Instantly, the entire culture and identity of this team have changed massively for the better. It’s hard not to like any of the moves that were made yesterday, and for those who argue they were done with more of a focus on “life after LeBron James,” they’re right. If James leaves this summer, they’ll be better suited to plug in X player that they select with the Brooklyn pick and have a young up-and-coming team without having to start all over from rock bottom like they did the first time James bounced in 2010. At the same time though, these moves were also done with the present in mind.

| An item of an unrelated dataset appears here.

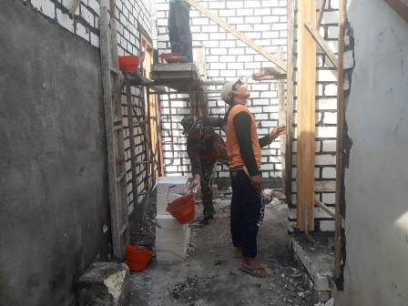 Tampak terlihat pada rumah Karjono saat ini, rumahnya sudah terlihat berdiri kokoh meskipun masih belum selesai pengerjaanya. Serka Sumarto mengatakan jika hari ini rencananya satgas TMMD bersama masyarakat akan melaksanakan plesteran pada dinding temboknya yang kemudian setelah di plester akan di aci supaya menjadi halus.

Now don’t get me wrong, this new roster isn’t ready to challenge Golden State in a seven-game NBA Finals series, but getting there is much more attainable than it was two days ago. So is the prospect of convincing James to stay. Remember that both times he chose to leave teams, it came when each franchise reached a dead end. The 2010 Cavs and 2014 Heat both featured aging rosters while lacking tradeable assets and high draft picks to acquire young talent. Following Thursday’s ridiculousness, Altman took that out of the equation. Altman hit reset while the four-time league MVP is still with the team, showing him just how loyal they are to staying competitive and maximizing his remaining years of dominance, should he choose to stay. Genious. That’s something Danny Ferry failed to do during James first stint with the franchise. It’s something even the great Pat Riley didn’t have the foresight to address down in Miami.
And for those who think Cleveland helping the Lakers free up enough cap space for two max players next summer is worrisome, don’t buy the hype. Of course it’s a story, because it’s Los Angeles and when the Lakers are good the association is better off. But LeBron joining the Lakers, even if another star like Paul George tags along, is career suicide for a guy trying to “chase the ghost of Jordan.” Going to the Lakers too early in their development phase would leave a 33-year-old James wasting the remaining prime years of his career with a team not quite ready to win championships. And in a gauntlet of a Western Conference, a squad with James and George or James and some other superstar would be what? Third or fourth best, depending on what happens between the Spurs and Kawhi Leonard. The road to the finals is much more challenging in the west, especially for a young team. LeBron would be better off waiting until 2019 to dart to LA.
Regardless, Altman and the Cavaliers couldn’t worry about aiding the Lakers in their pursuit of James. They had to do what was best for their team both now and in the future. They did that and I’ll say it again: the Cavs are better equipped to win the east this year and retain LeBron this summer than they were before the trade deadline. Plain and simple.
No, this youth movement probably won’t end with the franchise’s second Larry O’Brien Trophy come June, but it’s not as if the Cavs were a championship caliber team prior to these moves. And instead of seeing their championship window slam shut this summer with LeBron’s inevitable departure – because let’s be real, with the way things were trending he was gone– there’s a better chance he stays to keep chasing rings in the less daunting Eastern Conference with Cleveland.
Isaiah Thomas and Jae Crowder are gone, Dwyane Wade is in Miami, the Cavs are fun again and the future of the organization is bright, with or without LeBron. Everything is how it should be.